Chalnoth said:
I think you've confused yourself here. This makes no sense. SR doors not have inconsistency problems, and quantum behavior isn't especially important at high velocities (it makes a much bigger difference at low velocities, especially low temperatures).
Anyway, I'll just leave this here:
http://www.preposterousuniverse.com...ion-of-quantum-mechanics-is-probably-correct/
...Carol has a strong opinion on MWI of which is not equally shared in the science community. https://en.wikipedia.org/wiki/Interpretations_of_quantum_mechanics( Tabular comparison)

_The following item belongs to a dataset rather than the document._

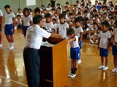 それでは、今日のクリーン活動の様子を家に帰ったら、お家の人に話してあげてください。よく頑張りました。終わります。
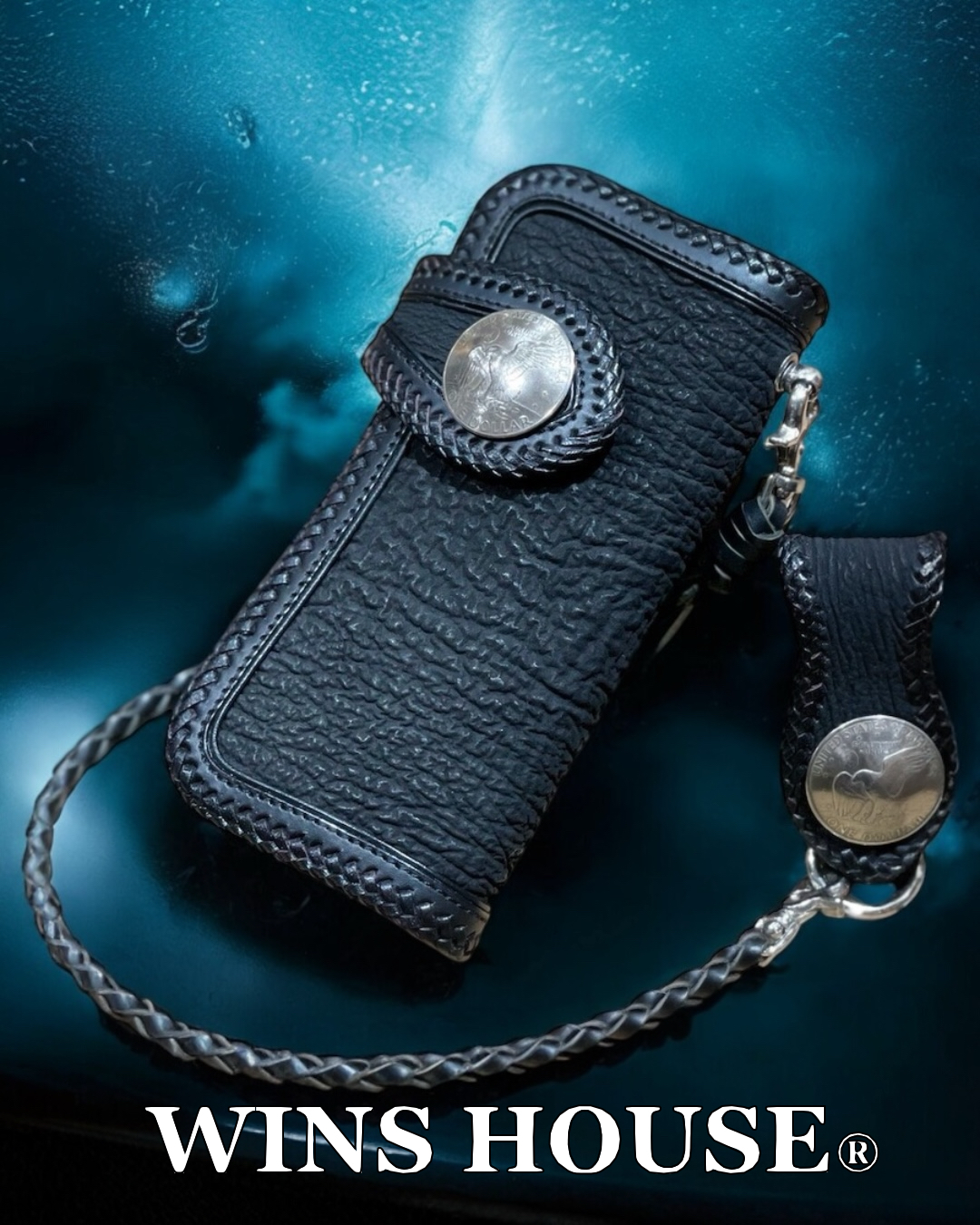 WINS HOUSE®︎【ウインズハウス】 シャーク ウォレット USA 1$ ロング 【長財布】( ウォレット レザー チェーン セット) インナーシャークレザータイプ本革 鮫革 牛革

Well, going back.., we do have have 2 states for instance but the requirement for each state doesn't necessarily be in two separate states each having its own unique Hilbert spaces. It could also be simultaneity in time/observer dependent -- each state could not exist simultaneously at the same time(asumming time is not absolute like QFT -- where it uses both formalism exception of nonrelativistic QM/probabilistic). We would have interval dependent state and since our detectors(time/space affects the outcome/picture of an observer) are not absolute we won't be able to detect a very small time interval of a state. Hence, we are observing weird phenomenon/quantum behavior -- smeared/multiplicity on low scales using direct postulate of the observation. Staying true to SR -- which is compatible to Quantum Field Theory. It has the approximate effect on large/strong gravitational field
where spacetime is distorted following an image of multiple quasars. At first glance we could easily say it is 5 quasars due to direct detection but in reality it is just 1 when considering SR and lensing -- (which is more to do with formalism and variable treatment on Quantum postulates explained onwards). I always got the doubt the quantum picture is incomplete. This becomes effective solely on how to formulate QFT. We have a choice in making spatial coordinate into parameters(eventually multiple Hilbert spaces), or making time into an observable(satisfies unitarity). I didn't mention any inconsistencies but discontinuity of the formalism. Anyways going back..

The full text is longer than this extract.